Pagi ini kita berjumpa dengan sesama, yang mungkin sebelumnya
kita jarang atau bahkan tidak pernah bertemu disini, di masjid ini, dalam
agenda harian atau mingguan. Alhamadulillah, syukur kepada Allah swt, jika
memang ternyata perkara wajib belum bisa mempertemukan kita dalam satu tempat,
maka setidaknya kita pernah berkumpul disini dalam menjalankan perkara sunnah.
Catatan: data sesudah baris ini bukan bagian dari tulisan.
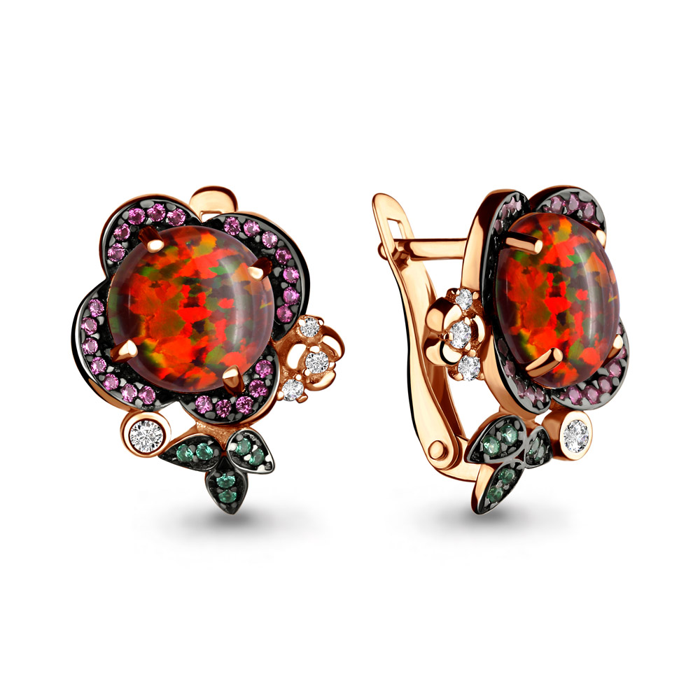 4498787ВГ Серьги из Серебра с наноизумрудами, нанотурмалинами, опалами иск., фианитами из коллекции "Флёр"

Kita khawatir jangan-jangan selama ini perkara maksiat dan
dosa lebih banyak membuat kita tertarik untuk berkumpul bersama, dan lebih
semangat lagi, sehingga masjid yang ada
disini seakan tertinggal/terabaikan. Naudzubillah min dzalik. Dengan terus
berharap bahwa mudah-mudahan Allah swt menguatkan langkah kaki kita kedepan
untuk bisa terus bertemu di masjid ini, baik dalam agenda harian berupa shalat
berjamaah lima waktu, juga dalam pertemuan mingguan berupa shalat jumat, juga
dalam agenda-agenda lainnya yang ada di masjid ini.
Allahu akbar 3x
Ma’asyiral muslimin rahimakumullah
Di pagi hari yang damai ini, mari sejenak kita kembali
mengenang salah satu kisah yang Al-Quran tuliskan, untuk bisa menjadi sumber
inspirasi kita dalam hidup ini, yaitu salah satu potongan cerita sejarah
kehidupan nabi Allah yang mulia, yang oleh Rasulullah saw disebut sebagai
manusia mulia anak dari manusia mulia anak dari manusia mulia anak dari manusia
mulia, dialah nabi Yusuf bin Ya’qub bin Ishaq bin Ibrahim alaihimus salam.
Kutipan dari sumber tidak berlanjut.